Perjanjian Kemitraan Indonesia-Chile permudah ekspor ke Amerika

 

Menteri Perdagangan Enggartiasto Lukita menilai Perjanjian Kemitraan Ekonomi Komprehensif Indonesia dan Chile atau Indonesia-Chile Comprehensive Economic Partnership Agreement (IC-CEPA) akan mempermudah ekspor produk Indonesia ke Amerika Selatan.

CEPA ini win win solution untuk kedua negara dalam meningkatkan kesejahteraan keduanya dan kerja sama ini secara spesifik juga akan menjadikan Chile sebagai hub Indonesia ke Amerika latin dan juga menjadikan Indonesia sebagai hub Chile memasuki pasar Asia, kata Mendag di Jakarta, Selasa.
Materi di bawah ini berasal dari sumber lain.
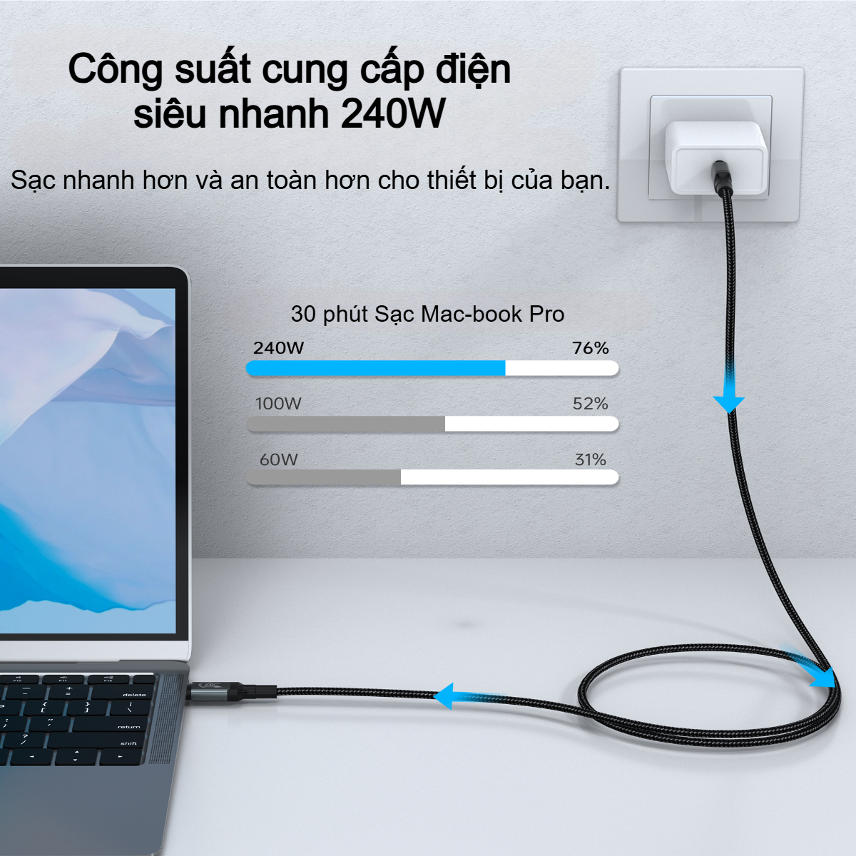 Cáp sạc nhanh 240W, bền bỉ, chịu được hơn 10.000 lần uốn cong, phù hợp cho các thiết bị công suất cao. Thông tin sản phẩm: Công suất: 240W Tốc độ truyền dữ liệu: 480Mbps Chiều
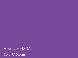 Hex #79489a Color is a normal purple color and the nearest color is Dark Lavender #734f96. Hex code #79489a and RGB value is rgb(121,72,154). In RGB color space, this color is composed of 47% red, 28% green, 60% blue, In CMYK color space, this color is composed of 21% cyan, 53% magenta, 0% yellow , 40% black , In HSL color space, this color has a hue angle of 276° , 36% saturation and 44% lightness.
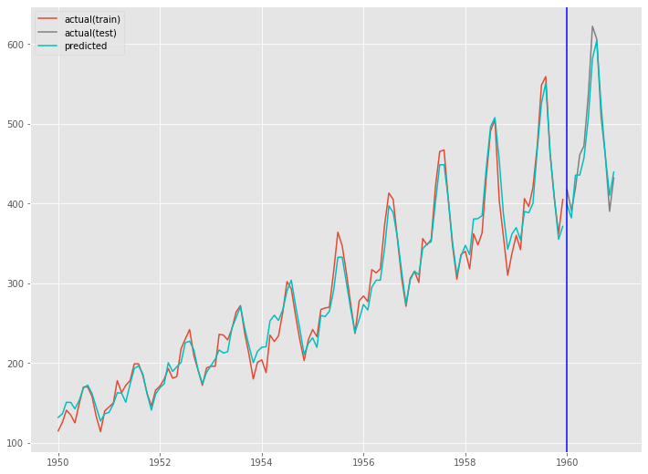 fig, ax = plt.subplots() ax.plot(train.index, y_train, label='actual(train)') ax.plot(test.index, y_test, label='actual(test)', color='gray') ax.plot(train.index, train_pred, color='c') ax.plot(test.index, test_pred, label="predicted", color="c") ax.axvline(datetime.datetime(1960,1,1),color='blue') ax.legend() plt.show()
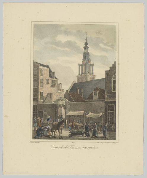 Georg Balthasar Probst made this view of the Nieuwe Kerk in Delft as a hand-colored etching. Etching is an indirect intaglio process. A metal plate, often copper, is coated with a waxy, acid-resistant ground. The artist then scratches an image into the ground with a pointed tool, exposing the metal. The plate is immersed in acid, which bites into the exposed lines, creating grooves. The plate is then inked, and the surface wiped clean, leaving ink only in the etched grooves. Damp paper is laid on the plate, and both are run through a press under high pressure, transferring the ink to the paper. Finally, the print is hand-colored. Each of these stages demands skillful labor. The acid-biting process alone requires immense care. This print gives us a fascinating glimpse into 18th century Delft, but it's equally compelling as a demonstration of human ingenuity, skill, and effort. Considering these aspects brings us to a fuller understanding and appreciation of its value.
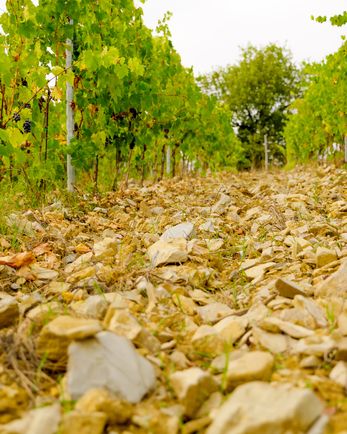 I terreni calcarei permettono al suolo di respirare anche nei periodi più caldi, mentre i boschi che circondano i filari rinfrescano le uve durante la notte, favorendo l’equilibrio e la qualità degli acini. I vigneti, esposti a Sud, Sud-Ovest e Sud-Est, beneficiano della luce ideale.
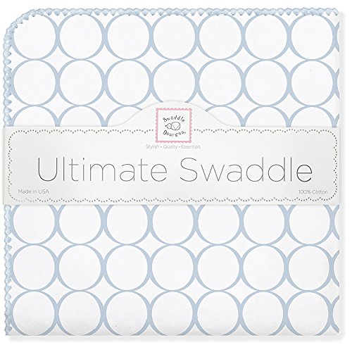 SwaddleDesigns Ultimate Swaddle Blanket, Made in USA, Premium Cotton Flannel, Pastel Blue Mod Circles
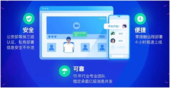 三、安全、可信是融云的重要标签。融云可将通信能力进行私有化部署,通过“内外网文件隔离、背景水印、阅后即焚、远程数据擦除”等功能,保证政府线上办公的通信安全。

Menurut Enggar, kerja sama tersebut merupakan kesempatan baik untuk para pelaku usaha dan media untuk mendorong kemitraan kedua negara dalam membuka peluang bisnis.

Saya berharap kedua negara bisa menyelenggarakan forum bisnis dan business matching yang diselenggarakan setiap tahun oleh kedua negara, ungkap Enggar.

Produk utama Indonesia yang mendapat preferensi di antaranya: minyaksawitdan turunannya, kertas dan bubur kertas, perikanan, makanan dan minuman, produk otomotif, alas kaki, mebel, perhiasan, sorbitol, produk tekstil dan lainnya.

Sesuai kesepakatan, setelah implementasi IC-CEPA dilaksanakan, kedua negara akan melanjutkan perundingan ke tahap selanjutnya, yaitu perdagangan di sektor jasa dan investasi.

Setelah perjanjian tarif barang, tahap selanjutnya adalah perundingan di bidang jasa dan investasi, karena memang IC-CEPA dilakukan bertahap. Untuk tenggat waktunya, akan dibahas lebih lanjut melalui Joint Committee IC-CEPA yang akan bertemu sesuai kesepakatan bersama, kata Mendag.

Total perdagangan Indonesia-Chile pada 2018 mencapai 274 juta dolar AS.

Sementara itu, untuk periode Januari-Maret 2019, total perdagangan kedua negara mencapai 56,1 juta dolar AS dengan nilai ekspor Indonesia sebesar 34,9 juta dolar AS dan impor sebesar 21,2 juta dolar AS.

Chile merupakan negara tujuan ekspor Indonesia dengan total ekspor 158,9 juta dolar AS pada 2018, meningkat 0,3 persen dibandingkan tahun sebelumnya sebesar 158,5 juta dolar AS.